ACTIVITY ▸ The full listing, minus its pictures, should be printed again exactly as it stands.

MATERIAL PROVIDED ▸
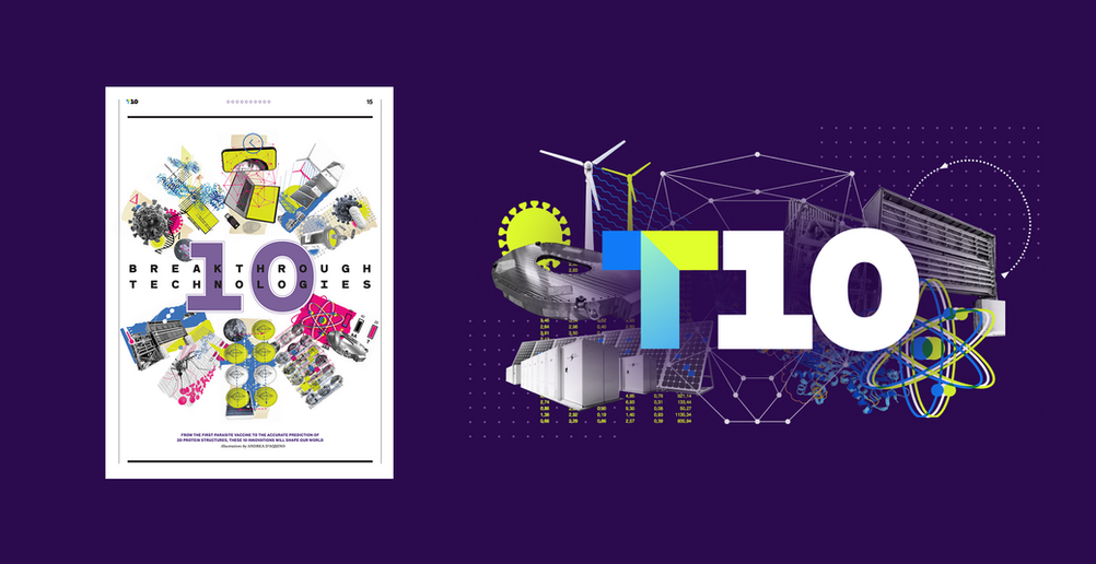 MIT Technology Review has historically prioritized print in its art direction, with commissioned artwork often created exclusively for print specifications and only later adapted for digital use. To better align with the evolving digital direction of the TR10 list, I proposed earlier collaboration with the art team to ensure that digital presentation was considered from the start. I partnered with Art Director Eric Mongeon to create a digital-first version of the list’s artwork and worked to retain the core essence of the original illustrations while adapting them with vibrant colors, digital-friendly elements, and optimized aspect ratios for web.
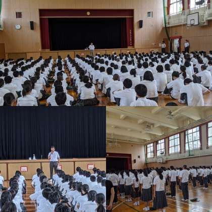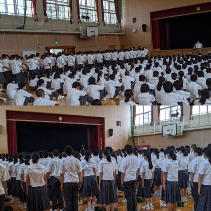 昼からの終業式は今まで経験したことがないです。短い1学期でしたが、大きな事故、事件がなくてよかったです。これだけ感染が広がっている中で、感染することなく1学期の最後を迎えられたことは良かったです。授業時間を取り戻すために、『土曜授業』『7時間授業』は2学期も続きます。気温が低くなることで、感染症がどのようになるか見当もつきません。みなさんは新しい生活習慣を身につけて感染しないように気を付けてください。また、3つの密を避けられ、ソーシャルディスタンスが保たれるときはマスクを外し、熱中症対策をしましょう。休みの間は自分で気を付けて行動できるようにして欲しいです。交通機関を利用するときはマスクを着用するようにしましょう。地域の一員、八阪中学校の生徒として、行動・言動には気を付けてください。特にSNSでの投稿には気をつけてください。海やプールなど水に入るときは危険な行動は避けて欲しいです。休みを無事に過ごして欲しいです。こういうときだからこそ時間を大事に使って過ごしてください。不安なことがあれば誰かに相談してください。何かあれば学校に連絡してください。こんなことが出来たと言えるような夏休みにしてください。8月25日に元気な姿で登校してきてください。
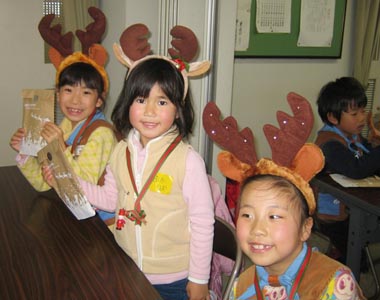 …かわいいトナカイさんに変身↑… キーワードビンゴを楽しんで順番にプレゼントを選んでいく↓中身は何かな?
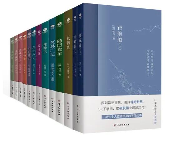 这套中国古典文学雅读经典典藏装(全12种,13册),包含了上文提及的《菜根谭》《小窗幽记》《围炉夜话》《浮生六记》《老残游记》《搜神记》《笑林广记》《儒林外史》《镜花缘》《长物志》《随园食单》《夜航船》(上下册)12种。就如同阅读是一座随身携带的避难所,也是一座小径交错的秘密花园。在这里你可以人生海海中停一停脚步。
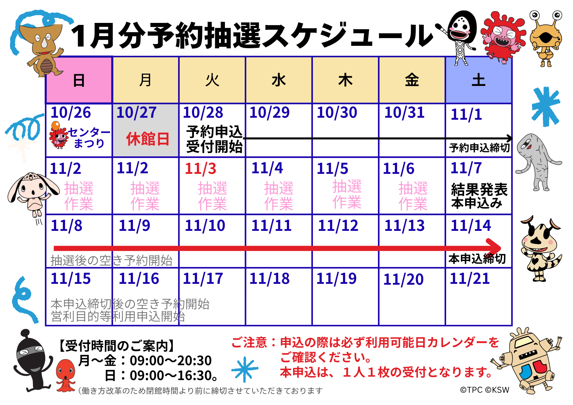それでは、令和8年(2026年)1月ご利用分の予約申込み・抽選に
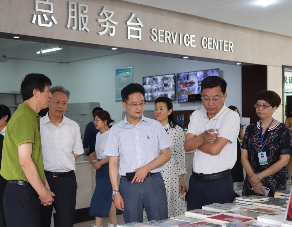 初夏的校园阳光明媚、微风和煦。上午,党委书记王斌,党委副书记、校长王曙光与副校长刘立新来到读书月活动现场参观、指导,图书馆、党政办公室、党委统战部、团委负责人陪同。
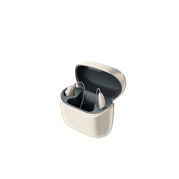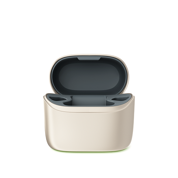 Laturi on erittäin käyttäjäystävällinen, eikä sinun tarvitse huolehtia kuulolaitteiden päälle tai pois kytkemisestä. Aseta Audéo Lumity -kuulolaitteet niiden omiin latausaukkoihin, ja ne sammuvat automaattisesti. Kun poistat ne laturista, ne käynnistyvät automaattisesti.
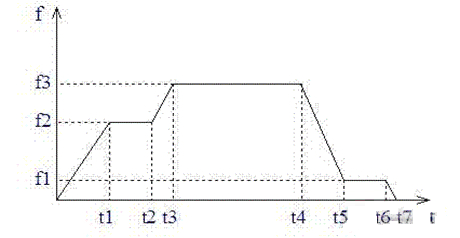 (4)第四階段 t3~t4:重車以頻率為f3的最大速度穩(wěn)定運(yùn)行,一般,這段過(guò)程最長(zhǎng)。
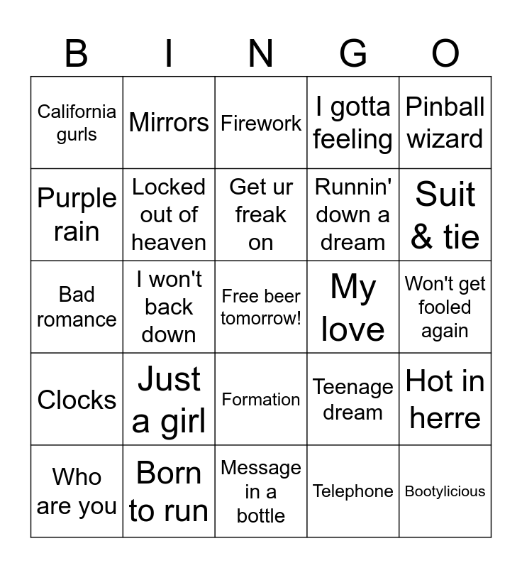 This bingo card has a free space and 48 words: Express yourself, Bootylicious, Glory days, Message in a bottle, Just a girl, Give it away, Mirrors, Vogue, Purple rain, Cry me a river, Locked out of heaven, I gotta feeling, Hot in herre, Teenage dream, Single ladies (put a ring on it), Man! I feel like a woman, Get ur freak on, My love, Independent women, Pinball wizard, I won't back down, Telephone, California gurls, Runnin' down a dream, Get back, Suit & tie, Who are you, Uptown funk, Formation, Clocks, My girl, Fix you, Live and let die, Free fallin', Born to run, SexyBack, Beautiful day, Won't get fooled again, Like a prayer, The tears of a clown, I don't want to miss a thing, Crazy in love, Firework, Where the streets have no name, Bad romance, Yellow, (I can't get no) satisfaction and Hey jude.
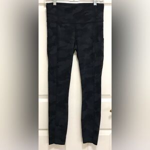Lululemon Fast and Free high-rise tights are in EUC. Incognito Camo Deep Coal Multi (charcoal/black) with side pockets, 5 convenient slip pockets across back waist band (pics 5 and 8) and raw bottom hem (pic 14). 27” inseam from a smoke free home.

COMPLETED EXERCISE ▸
 MIT Technology Review has historically prioritized print in its art direction, with commissioned artwork often created exclusively for print specifications and only later adapted for digital use. To better align with the evolving digital direction of the TR10 list, I proposed earlier collaboration with the art team to ensure that digital presentation was considered from the start. I partnered with Art Director Eric Mongeon to create a digital-first version of the list’s artwork and worked to retain the core essence of the original illustrations while adapting them with vibrant colors, digital-friendly elements, and optimized aspect ratios for web.
 昼からの終業式は今まで経験したことがないです。短い1学期でしたが、大きな事故、事件がなくてよかったです。これだけ感染が広がっている中で、感染することなく1学期の最後を迎えられたことは良かったです。授業時間を取り戻すために、『土曜授業』『7時間授業』は2学期も続きます。気温が低くなることで、感染症がどのようになるか見当もつきません。みなさんは新しい生活習慣を身につけて感染しないように気を付けてください。また、3つの密を避けられ、ソーシャルディスタンスが保たれるときはマスクを外し、熱中症対策をしましょう。休みの間は自分で気を付けて行動できるようにして欲しいです。交通機関を利用するときはマスクを着用するようにしましょう。地域の一員、八阪中学校の生徒として、行動・言動には気を付けてください。特にSNSでの投稿には気をつけてください。海やプールなど水に入るときは危険な行動は避けて欲しいです。休みを無事に過ごして欲しいです。こういうときだからこそ時間を大事に使って過ごしてください。不安なことがあれば誰かに相談してください。何かあれば学校に連絡してください。こんなことが出来たと言えるような夏休みにしてください。8月25日に元気な姿で登校してきてください。
 …かわいいトナカイさんに変身↑… キーワードビンゴを楽しんで順番にプレゼントを選んでいく↓中身は何かな?
 这套中国古典文学雅读经典典藏装(全12种,13册),包含了上文提及的《菜根谭》《小窗幽记》《围炉夜话》《浮生六记》《老残游记》《搜神记》《笑林广记》《儒林外史》《镜花缘》《长物志》《随园食单》《夜航船》(上下册)12种。就如同阅读是一座随身携带的避难所,也是一座小径交错的秘密花园。在这里你可以人生海海中停一停脚步。
それでは、令和8年(2026年)1月ご利用分の予約申込み・抽選に
 初夏的校园阳光明媚、微风和煦。上午,党委书记王斌,党委副书记、校长王曙光与副校长刘立新来到读书月活动现场参观、指导,图书馆、党政办公室、党委统战部、团委负责人陪同。
 Laturi on erittäin käyttäjäystävällinen, eikä sinun tarvitse huolehtia kuulolaitteiden päälle tai pois kytkemisestä. Aseta Audéo Lumity -kuulolaitteet niiden omiin latausaukkoihin, ja ne sammuvat automaattisesti. Kun poistat ne laturista, ne käynnistyvät automaattisesti.
 (4)第四階段 t3~t4:重車以頻率為f3的最大速度穩(wěn)定運(yùn)行,一般,這段過(guò)程最長(zhǎng)。
 This bingo card has a free space and 48 words: Express yourself, Bootylicious, Glory days, Message in a bottle, Just a girl, Give it away, Mirrors, Vogue, Purple rain, Cry me a river, Locked out of heaven, I gotta feeling, Hot in herre, Teenage dream, Single ladies (put a ring on it), Man! I feel like a woman, Get ur freak on, My love, Independent women, Pinball wizard, I won't back down, Telephone, California gurls, Runnin' down a dream, Get back, Suit & tie, Who are you, Uptown funk, Formation, Clocks, My girl, Fix you, Live and let die, Free fallin', Born to run, SexyBack, Beautiful day, Won't get fooled again, Like a prayer, The tears of a clown, I don't want to miss a thing, Crazy in love, Firework, Where the streets have no name, Bad romance, Yellow, (I can't get no) satisfaction and Hey jude.
Lululemon Fast and Free high-rise tights are in EUC. Incognito Camo Deep Coal Multi (charcoal/black) with side pockets, 5 convenient slip pockets across back waist band (pics 5 and 8) and raw bottom hem (pic 14). 27” inseam from a smoke free home.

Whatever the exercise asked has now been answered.